* Euro broadly higher, short squeeze continues
* Intervention fears heighten risk aversion
* Australian dollar rises sharply, trims steep losses
(Adds comment, details, updates prices)
By Naomi Tajitsu
LONDON, May 21 (Reuters) - The euro rose broadly on Friday as investors wary of holding too many short positions following its heavy sell-off scrambled to take off those trades and fears of currency intervention rose.
In volatile trade, the Australian dollar jumped, paring losses after its steep fall this week, on chatter that Australia's central bank may intervene to support the bruised currency. The RBA said it does not comment on market movements.
A stampede out of the euro due to worries about the broad economic impact of the euro zone debt crisis drove the euro to a four-year low versus the dollar this week and has pushed net short positions in the European currency to a record high.
Analysts say that with risk aversion haunting the market, investors are realising the dangers both of holding too many or too few euros, particularly given speculation that authorities may prop up the euro.
"The market has a clear view that the euro will be trending lower, but by holding that position you are vulnerable to any possibility of intervention," said Daragh Maher, senior currency analyst at Credit Agricole CIB, adding that such fears had extended the euro's short squeeze in past days.
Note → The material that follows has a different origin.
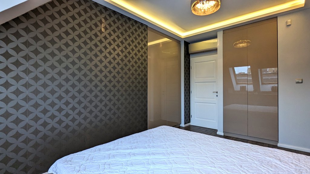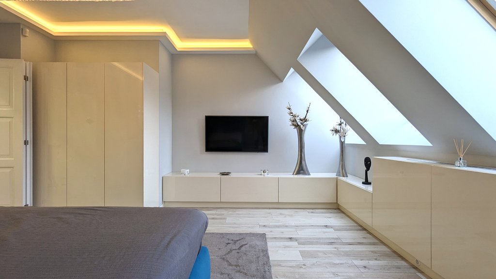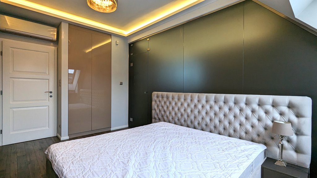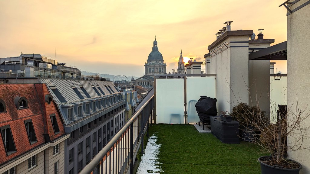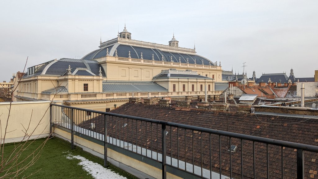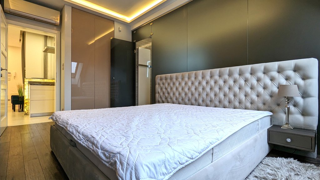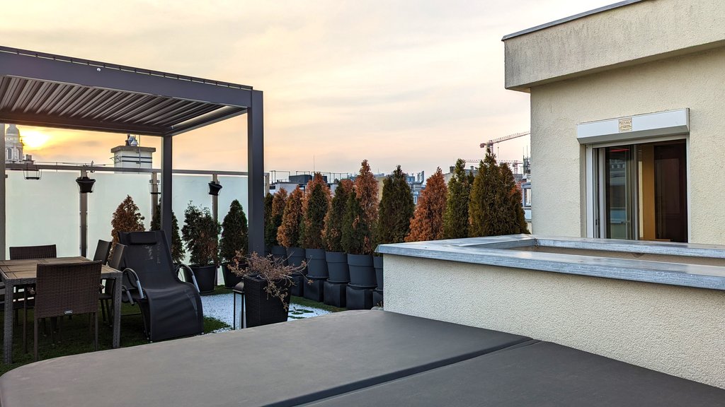 Recently renovated, exclusive, top floor apartment is for offer in the heart of the Downtown. The nicely furnished, modern property consists of an open plan kitchen with dining area and living room, a living room which can be used as a bedroom too, a separated bedroom, 2 bathrooms (one with bathub the other with shower) and a private 80 sqm rooftop terrace with amazing view over the city. The unique flat offers extras such as the top quality furniture and equipment, air-conditioner, alarm system, etc. The building with elevator has been renovated recently, so not just the cozy street, but also the building gives special charm for the area. In the nearby streets are many theatres, cafes and popular restaurants.
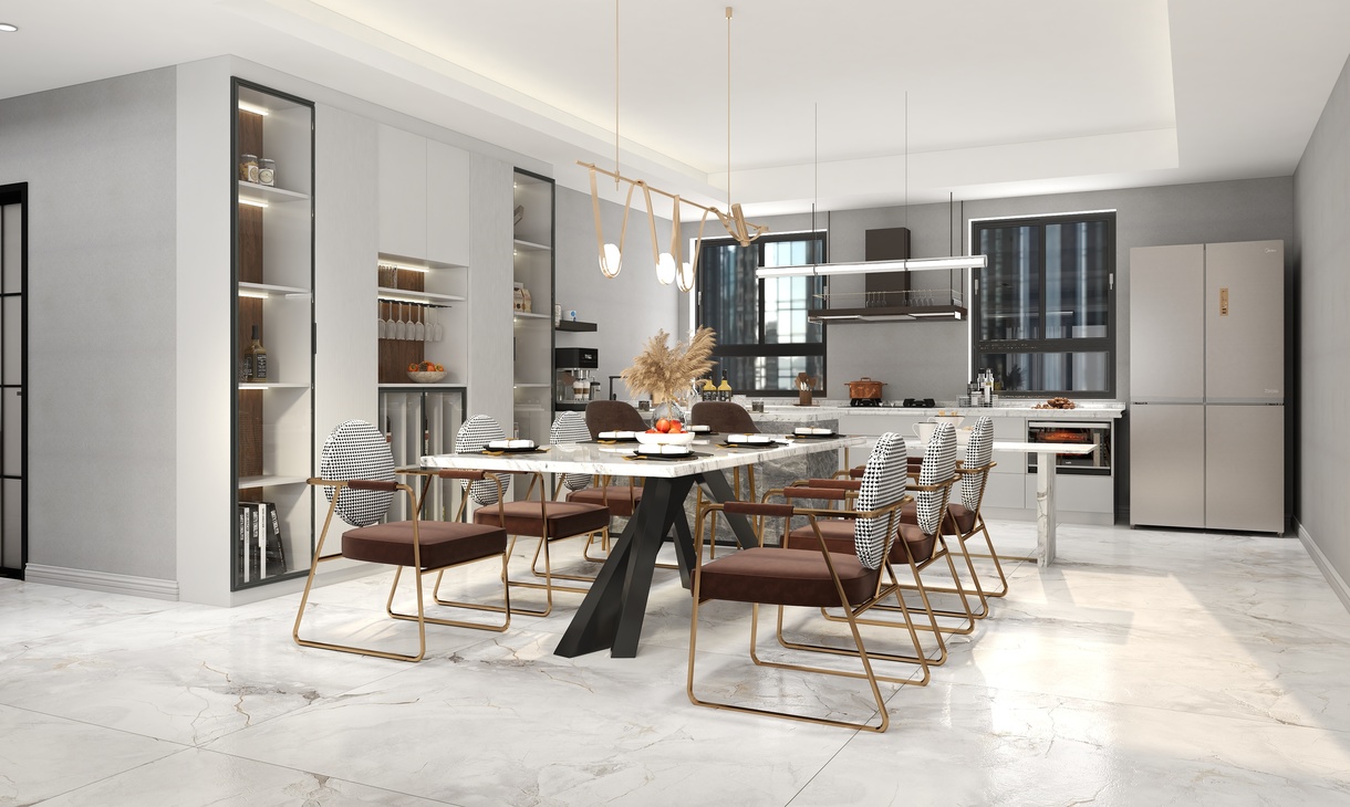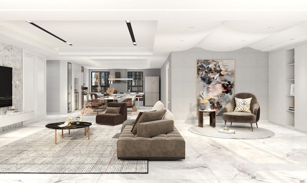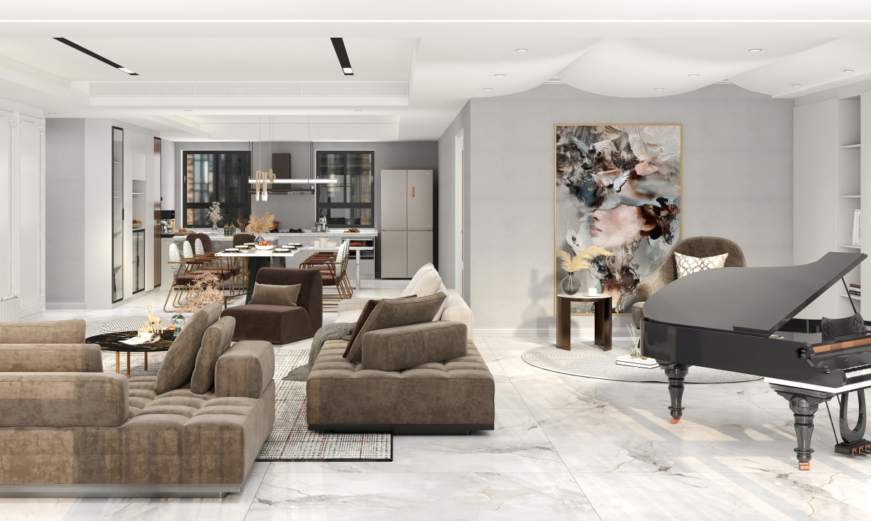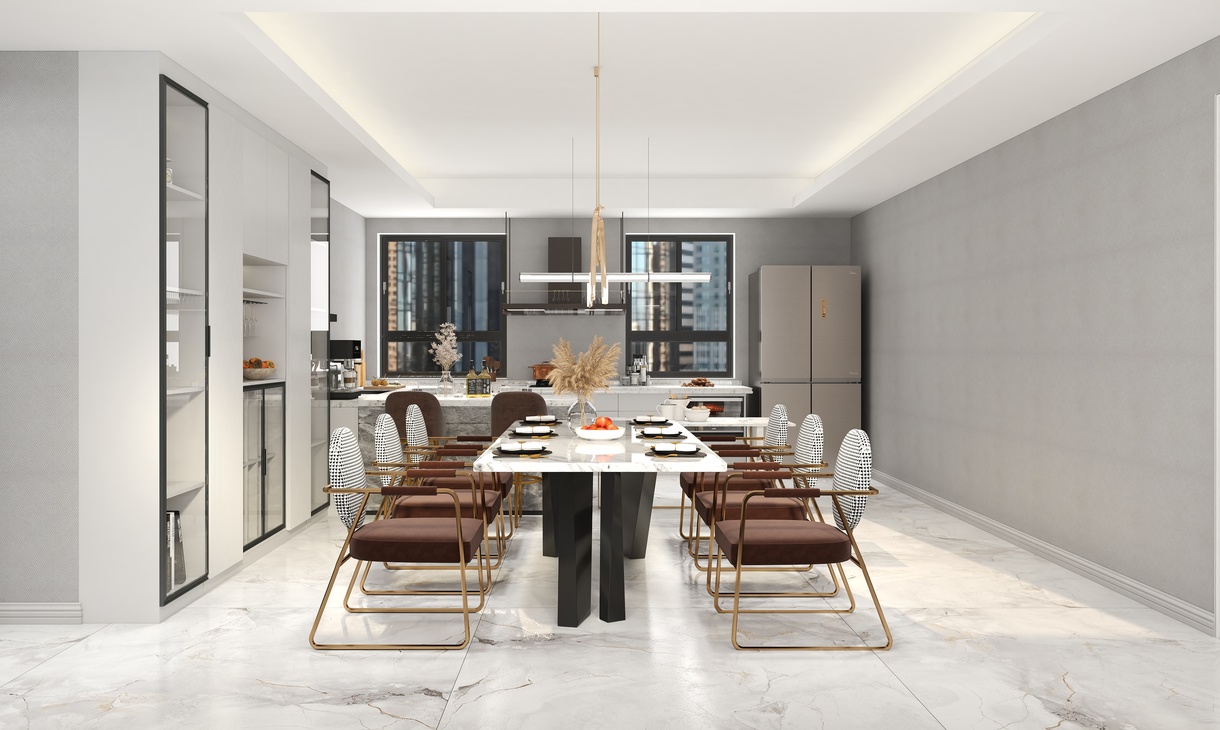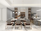 風格輕奢簡約,簡約卻不簡單,清爽又柔和,餐廳、廚房融為一體,是一家三餐四季一起的最佳助手。

"The intervention threat doesn't have to feel realistic, when the market is an extreme position, even just a muttering can cause a reaction."
The euro has fallen roughly 6 percent so far this month, and its steep decline has cranked up speculation that European officials may be concerned about the euro's level.
Eurogroup Chairman Jean-Claude Juncker said on Thursday he did not see the need to take immediate action to halt the euro's decline. [ID:nTOE64I038].
However, speaking in Tokyo, he said he discussed the common currency's rapid plunge with the Japanese finance minister.
On Friday, the euro <EUR=> climbed as high as $1.2673 on electronic trading platform EBS in early trade, before pulling back to $1.2545 by 0921 GMT, up 0.6 percent on the day.
The euro tumbled as low as $1.2143 earlier this week after Germany banned naked short selling in some securities, fuelling speculation about other possible market regulations.
It is poised to end the week 1.5 percent higher against the dollar, following five consecutive weeks of losses.
Analysts said that heightened fears about risk had prompted a rush to square positions -- long and short -- in currencies which are high risk or less liquid. "Risk aversion has risen so rapidly that in order to protect their books, investors are just closing positions and repatriating capital," said Carl Hammer, currency strategist at SEB in Stockholm, adding: "It's a snowball effect." Risk aversion shrivelled up liquidity as investors clamour for dollars, which was resulting in choppy trade and aggravated currency movements.
Against the Swiss franc, the euro <EURCHF=> traded 0.5 percent higher at 1.4430, having recovered sharply from a slide to an all-time low of 1.3995 francs earlier in the week.
The Australian dollar <AUD=D4> rose 2 percent against the U.S. dollar to $0.8318, pulling back from $0.8085 hit on Thursday, its weakest since July 2009.
It jumped as much as 5 percent versus the yen to 75.53 yen <AUDJPY=R>, pulling back from a slide to a 10-month low near 71.90 yen in early Asian trade.
The yen was broadly weaker, stung by the unwind in short positions in higher-risk currencies. The dollar <JPY=> rose 0.6 percent to 90.12 yen, while the euro <EURJPY=R> rose 1.8 percent against the yen to 113.14 yen.